ASSIGNED TASK:
An exact transcription is needed of the lines below from the one with "2009 Chevrolet Tahoe" through the one with "Fototapeta premium handsome", with no other lines and no pictures.

DATA RECORDS:
▬▬▬

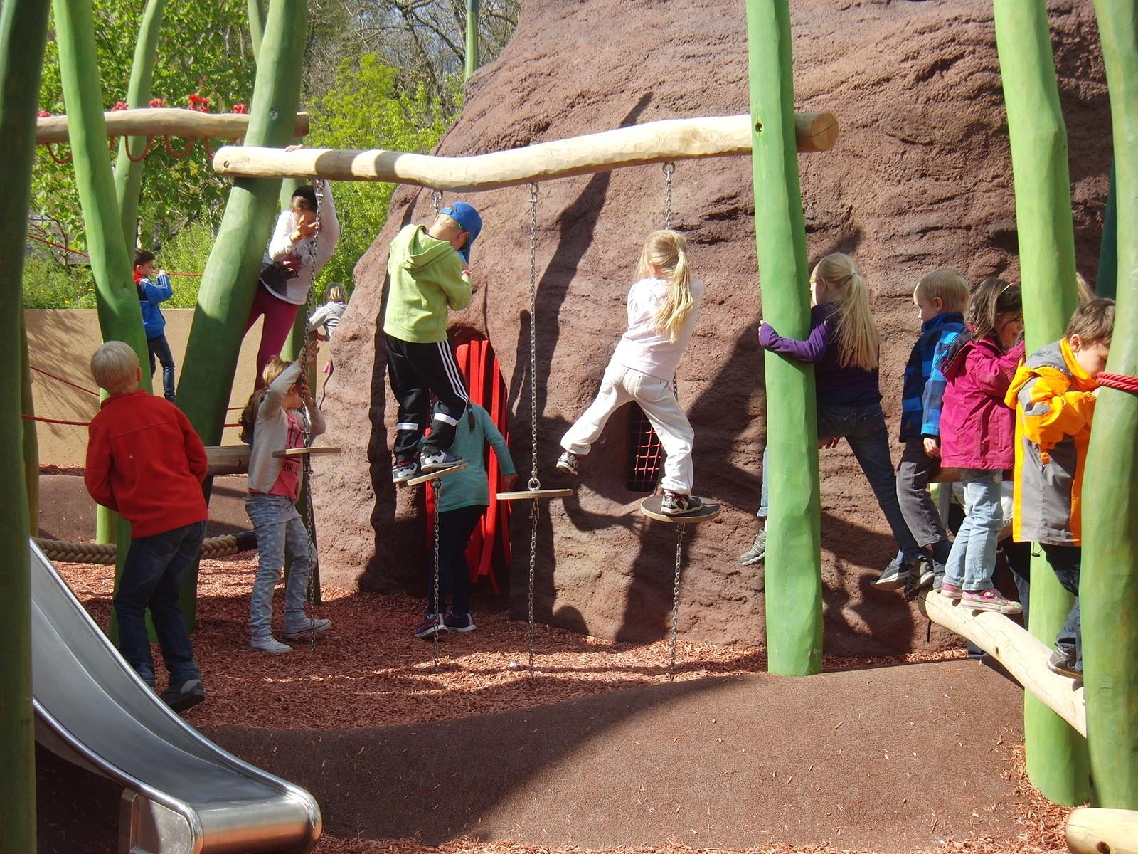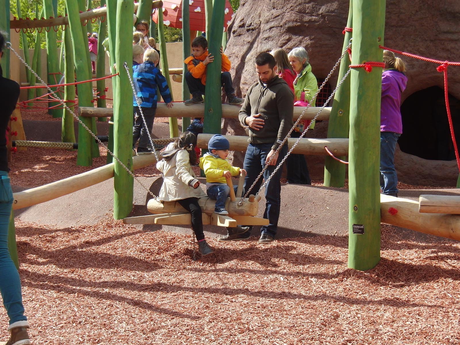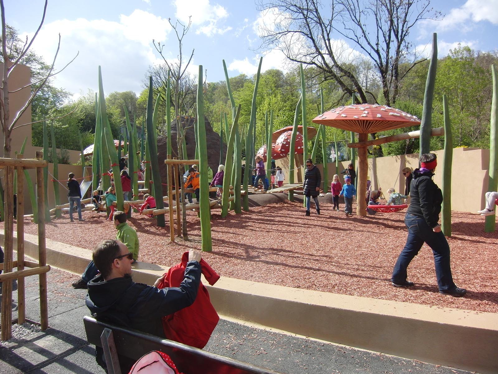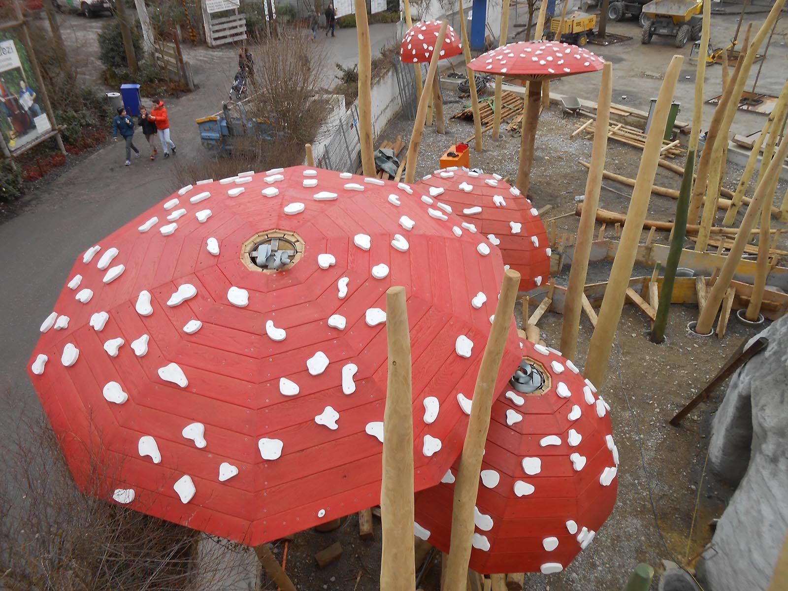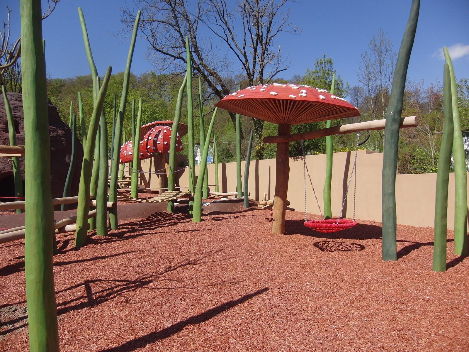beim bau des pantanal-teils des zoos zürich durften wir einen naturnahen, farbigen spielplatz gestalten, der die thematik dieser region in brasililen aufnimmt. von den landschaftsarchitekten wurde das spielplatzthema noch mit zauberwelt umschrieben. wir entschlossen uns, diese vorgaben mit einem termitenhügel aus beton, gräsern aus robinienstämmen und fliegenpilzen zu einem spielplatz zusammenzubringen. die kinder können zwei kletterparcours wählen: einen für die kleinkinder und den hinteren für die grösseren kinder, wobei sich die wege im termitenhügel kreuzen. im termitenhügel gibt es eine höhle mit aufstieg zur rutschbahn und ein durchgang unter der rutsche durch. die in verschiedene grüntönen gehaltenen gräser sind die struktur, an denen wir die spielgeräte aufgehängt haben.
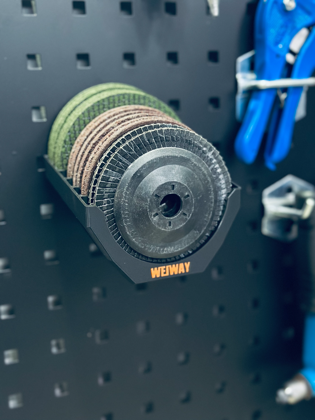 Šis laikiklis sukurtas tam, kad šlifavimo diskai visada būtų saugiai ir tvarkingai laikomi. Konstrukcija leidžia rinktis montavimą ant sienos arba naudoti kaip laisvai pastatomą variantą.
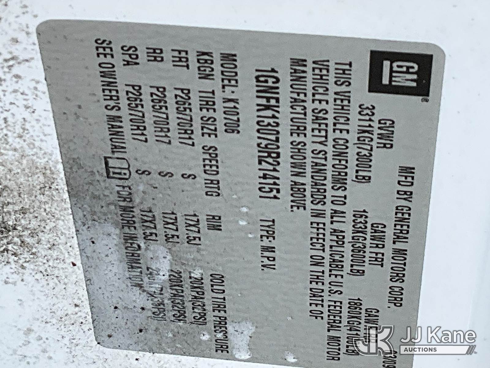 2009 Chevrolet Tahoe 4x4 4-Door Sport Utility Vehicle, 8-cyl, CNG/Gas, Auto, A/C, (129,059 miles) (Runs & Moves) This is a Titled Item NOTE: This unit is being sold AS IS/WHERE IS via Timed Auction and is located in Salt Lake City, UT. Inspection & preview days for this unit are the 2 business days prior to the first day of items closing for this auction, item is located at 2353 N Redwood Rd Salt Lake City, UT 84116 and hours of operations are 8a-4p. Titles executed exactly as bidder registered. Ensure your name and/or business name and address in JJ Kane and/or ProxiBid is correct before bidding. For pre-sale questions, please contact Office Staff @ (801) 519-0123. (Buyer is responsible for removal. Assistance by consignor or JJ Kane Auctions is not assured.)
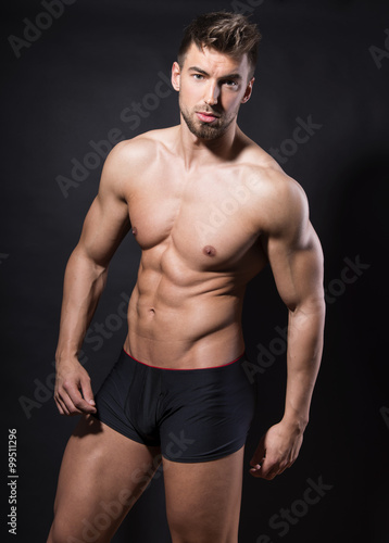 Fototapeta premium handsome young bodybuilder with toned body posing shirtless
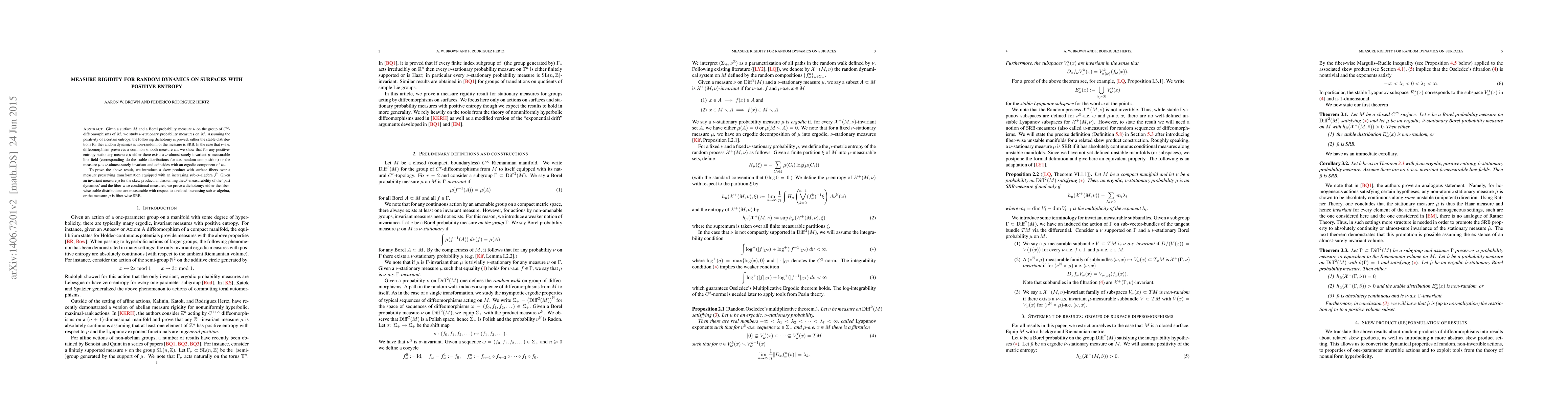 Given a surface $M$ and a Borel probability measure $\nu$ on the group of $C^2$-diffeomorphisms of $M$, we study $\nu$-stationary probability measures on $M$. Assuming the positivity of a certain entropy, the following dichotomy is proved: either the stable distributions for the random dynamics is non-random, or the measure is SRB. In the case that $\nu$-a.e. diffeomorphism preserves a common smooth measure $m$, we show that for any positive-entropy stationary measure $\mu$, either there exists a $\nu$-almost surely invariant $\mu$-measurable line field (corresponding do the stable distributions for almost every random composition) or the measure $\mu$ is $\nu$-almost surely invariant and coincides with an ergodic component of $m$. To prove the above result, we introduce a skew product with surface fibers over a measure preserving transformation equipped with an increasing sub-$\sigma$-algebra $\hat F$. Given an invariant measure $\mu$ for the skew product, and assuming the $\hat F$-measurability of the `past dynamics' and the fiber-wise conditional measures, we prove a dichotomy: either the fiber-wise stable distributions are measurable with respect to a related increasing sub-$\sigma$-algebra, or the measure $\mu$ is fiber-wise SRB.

▬▬▬

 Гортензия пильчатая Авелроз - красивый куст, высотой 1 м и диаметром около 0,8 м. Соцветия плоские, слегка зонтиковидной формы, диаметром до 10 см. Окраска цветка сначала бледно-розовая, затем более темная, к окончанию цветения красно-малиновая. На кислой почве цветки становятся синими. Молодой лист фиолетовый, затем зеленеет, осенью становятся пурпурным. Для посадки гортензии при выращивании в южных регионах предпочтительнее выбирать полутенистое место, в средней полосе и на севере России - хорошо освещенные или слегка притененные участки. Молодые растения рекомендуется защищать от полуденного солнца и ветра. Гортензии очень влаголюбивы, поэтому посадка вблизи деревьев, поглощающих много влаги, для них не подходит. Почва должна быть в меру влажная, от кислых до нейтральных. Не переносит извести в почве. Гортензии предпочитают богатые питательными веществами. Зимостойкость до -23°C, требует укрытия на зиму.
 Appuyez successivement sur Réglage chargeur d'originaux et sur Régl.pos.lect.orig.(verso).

▬▬▬

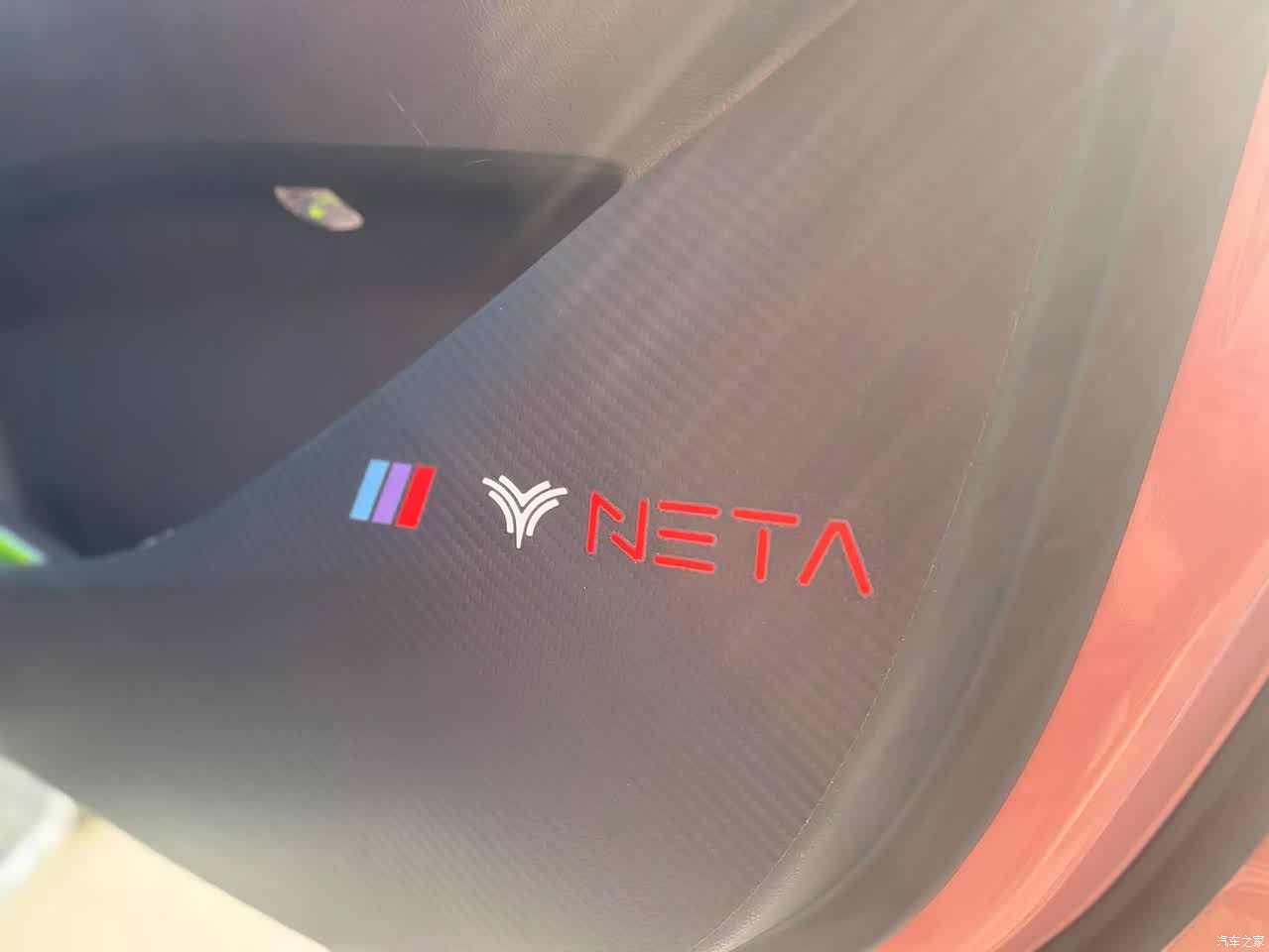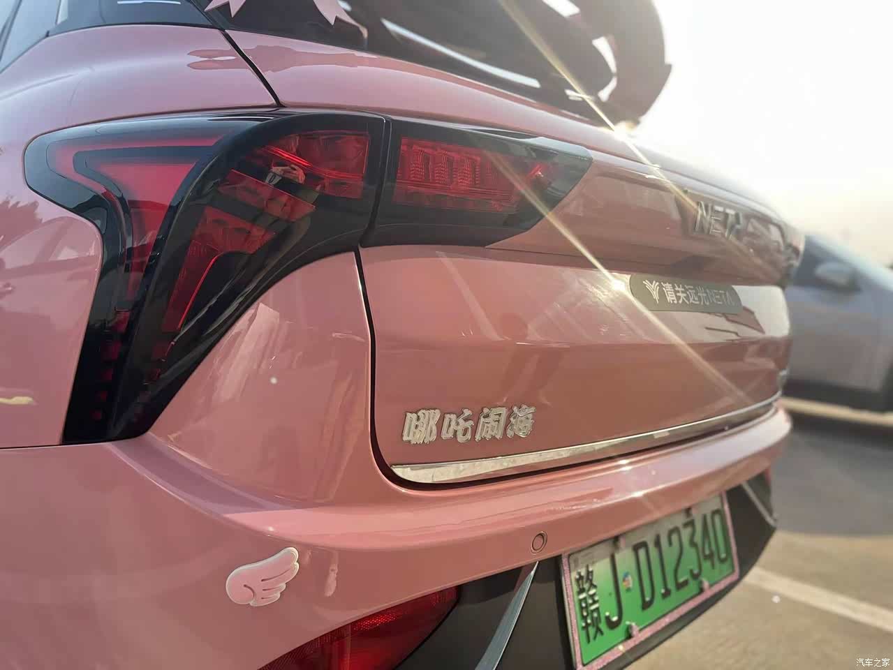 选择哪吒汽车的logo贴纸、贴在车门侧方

▬▬▬

RESULT OF THIS TASK:
 2009 Chevrolet Tahoe 4x4 4-Door Sport Utility Vehicle, 8-cyl, CNG/Gas, Auto, A/C, (129,059 miles) (Runs & Moves) This is a Titled Item NOTE: This unit is being sold AS IS/WHERE IS via Timed Auction and is located in Salt Lake City, UT. Inspection & preview days for this unit are the 2 business days prior to the first day of items closing for this auction, item is located at 2353 N Redwood Rd Salt Lake City, UT 84116 and hours of operations are 8a-4p. Titles executed exactly as bidder registered. Ensure your name and/or business name and address in JJ Kane and/or ProxiBid is correct before bidding. For pre-sale questions, please contact Office Staff @ (801) 519-0123. (Buyer is responsible for removal. Assistance by consignor or JJ Kane Auctions is not assured.)
 Fototapeta premium handsome young bodybuilder with toned body posing shirtless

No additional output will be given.